Exercise aim ▸ Would you please return only the lines from the one with "who has been" through the last line of the records below, leaving the pictures out?

(Supplied material)

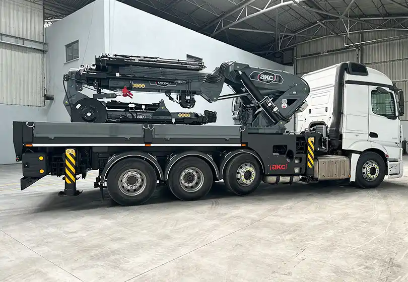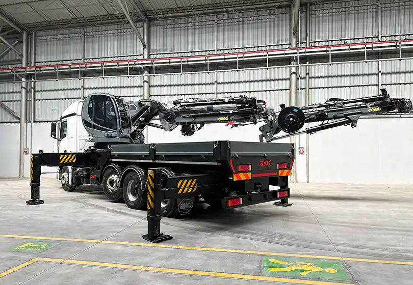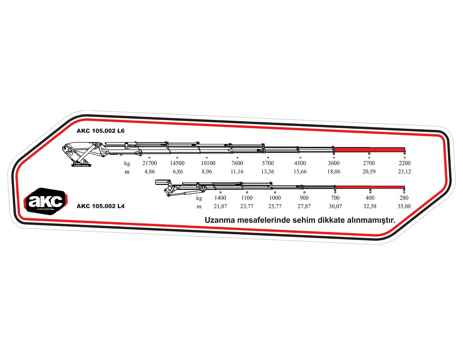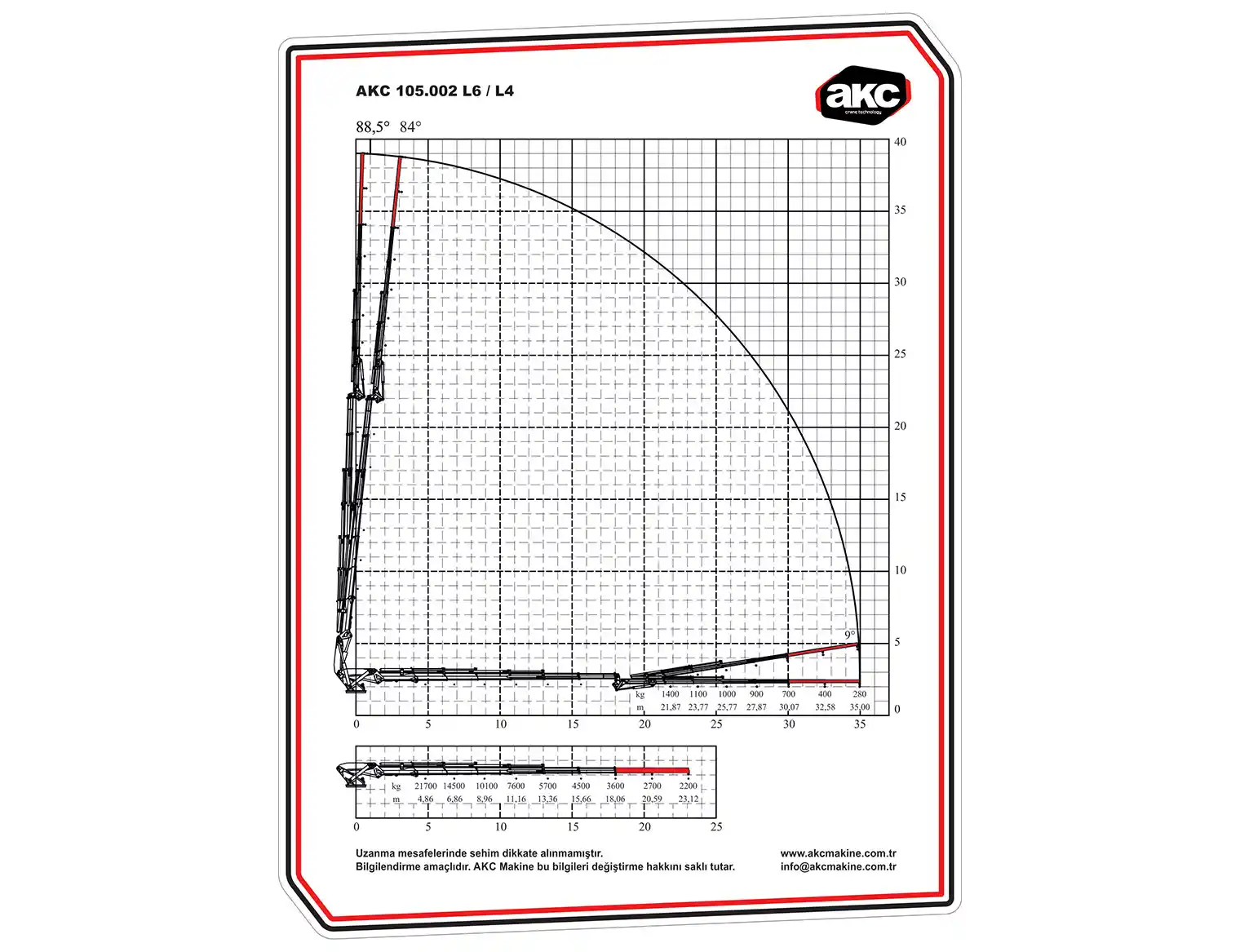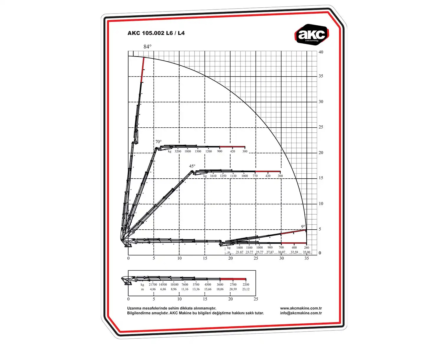 AKC 105.002 L6 / L4 Katlanır Bomlu Vinç, kompakt gövdesi, yüksek manevra kabiliyeti ve esnek erişim imkânı ile hem dar alanlarda hem de geniş sahalarda üstün performans sağlar. Çift kırma bom sistemi, yüklerin farklı mesafelerde ve açılarda güvenle kaldırılmasına imkân tanırken, dayanıklı gövde yapısı uzun süreli kullanımlarda dahi istikrarlı sonuç verir.
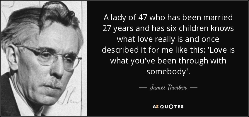 “A lady of 47 who has been married 27 years and has six children knows what love really is and once described it for me like this: ‘Love is what you’ve been through with somebody.;” – James Thurber
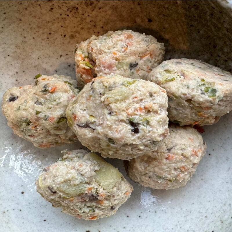 低カロリーで高たんぱく、そしてミネラル類やビタミンが豊富な砂肝を鶏のひき肉と混ぜボール状にしました。
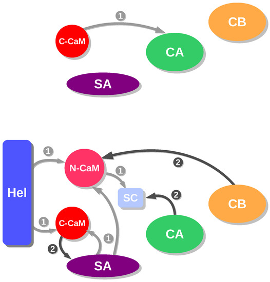 Schemes of energetic influences for AC/C-CaM (top) and EF/CaM (bottom) in the presence of Ca ions. In the complex AC/C-CaM, the different regions are defined as in the caption of Figure 1. In the complex EF/CaM, the different regions are defined in the following way: CA residues 292–345 and 490–501 and 576–622), CB (residues 346–489), SA (residues 502–575), Hel (residues 660–767), SwitchC (residues 623–659), N-CaM (N terminal lobe of calmodulin: residues 5–84), C-CaM (C terminal lobe of calmodulin: residues 85–147). This figure was reproduced from [21].
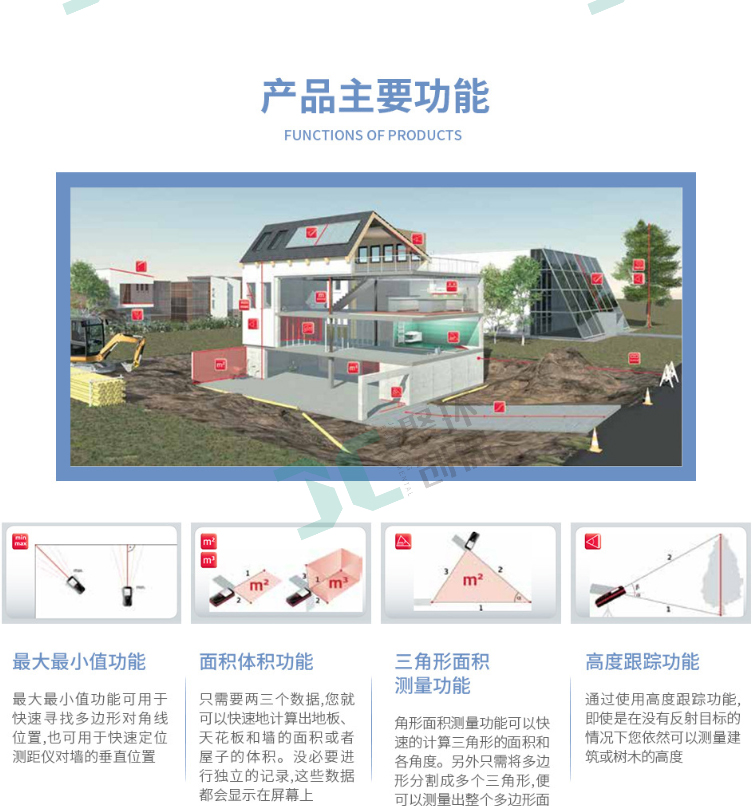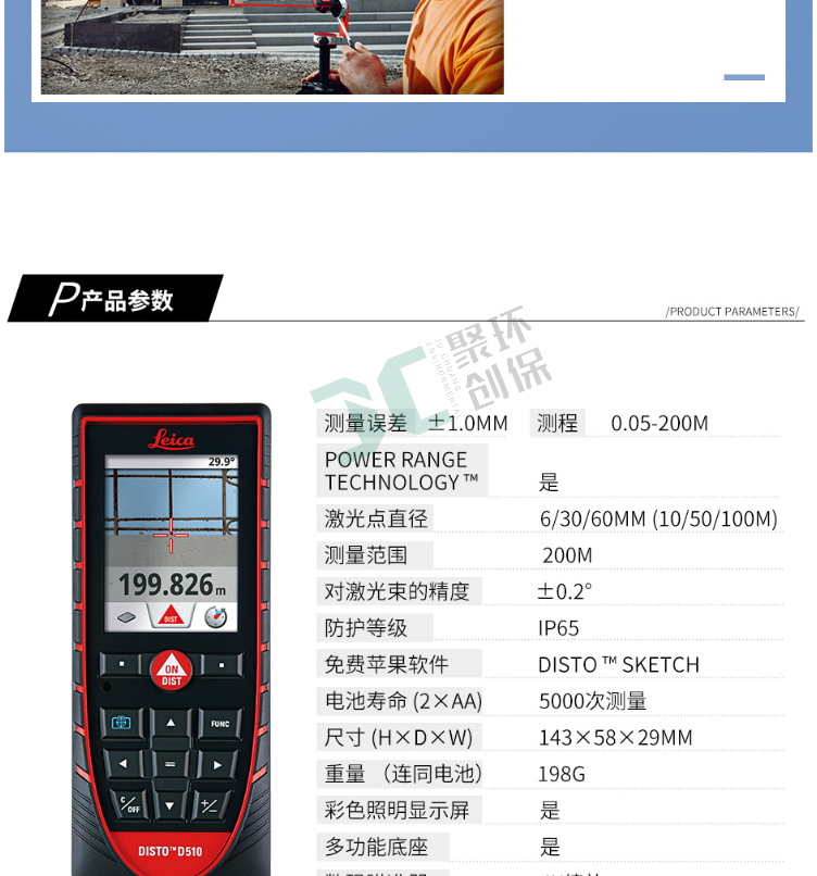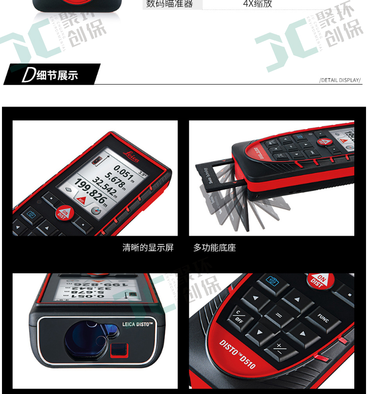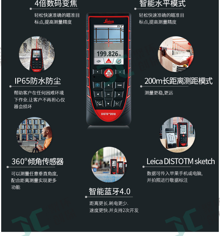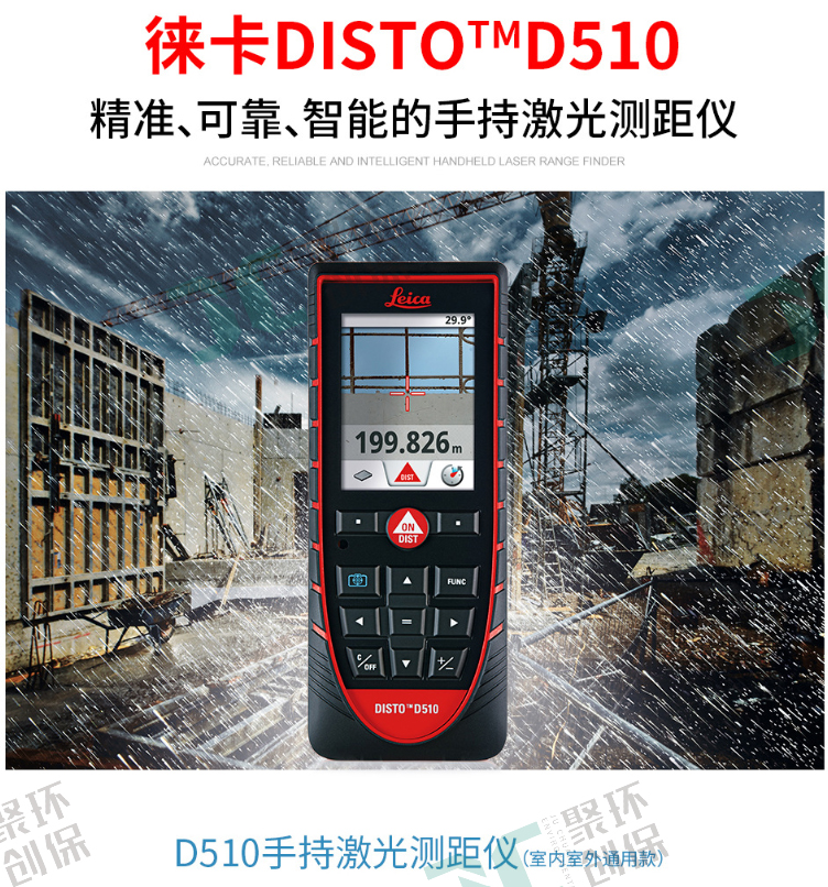 全新的徕卡LEICA DISTO D510代表容易和轻松的户外距离测量。独特的组合的数字Pointfinder的和360°倾角传感器传统的测距仪的测量是不可能达到的。

(End Supplied material)

Your solution ▸
 “A lady of 47 who has been married 27 years and has six children knows what love really is and once described it for me like this: ‘Love is what you’ve been through with somebody.;” – James Thurber
 低カロリーで高たんぱく、そしてミネラル類やビタミンが豊富な砂肝を鶏のひき肉と混ぜボール状にしました。
 Schemes of energetic influences for AC/C-CaM (top) and EF/CaM (bottom) in the presence of Ca ions. In the complex AC/C-CaM, the different regions are defined as in the caption of Figure 1. In the complex EF/CaM, the different regions are defined in the following way: CA residues 292–345 and 490–501 and 576–622), CB (residues 346–489), SA (residues 502–575), Hel (residues 660–767), SwitchC (residues 623–659), N-CaM (N terminal lobe of calmodulin: residues 5–84), C-CaM (C terminal lobe of calmodulin: residues 85–147). This figure was reproduced from [21].
 全新的徕卡LEICA DISTO D510代表容易和轻松的户外距离测量。独特的组合的数字Pointfinder的和360°倾角传感器传统的测距仪的测量是不可能达到的。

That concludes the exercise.